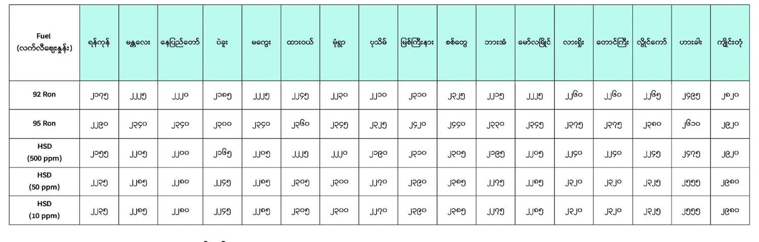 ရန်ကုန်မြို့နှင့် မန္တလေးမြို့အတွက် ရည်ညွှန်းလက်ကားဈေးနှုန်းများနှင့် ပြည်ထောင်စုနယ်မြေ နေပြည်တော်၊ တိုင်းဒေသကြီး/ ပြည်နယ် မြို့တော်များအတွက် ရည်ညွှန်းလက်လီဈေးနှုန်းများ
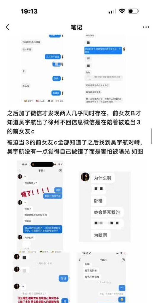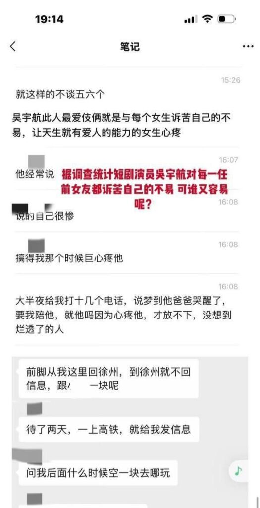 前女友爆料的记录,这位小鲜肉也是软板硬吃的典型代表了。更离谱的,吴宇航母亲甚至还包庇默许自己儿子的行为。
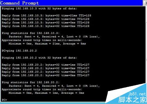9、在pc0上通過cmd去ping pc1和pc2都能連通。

### Exercise directions:
Reproduce the listing above exactly, excluding all pictures.

### Result of the task:
 ရန်ကုန်မြို့နှင့် မန္တလေးမြို့အတွက် ရည်ညွှန်းလက်ကားဈေးနှုန်းများနှင့် ပြည်ထောင်စုနယ်မြေ နေပြည်တော်၊ တိုင်းဒေသကြီး/ ပြည်နယ် မြို့တော်များအတွက် ရည်ညွှန်းလက်လီဈေးနှုန်းများ
 前女友爆料的记录,这位小鲜肉也是软板硬吃的典型代表了。更离谱的,吴宇航母亲甚至还包庇默许自己儿子的行为。
9、在pc0上通過cmd去ping pc1和pc2都能連通。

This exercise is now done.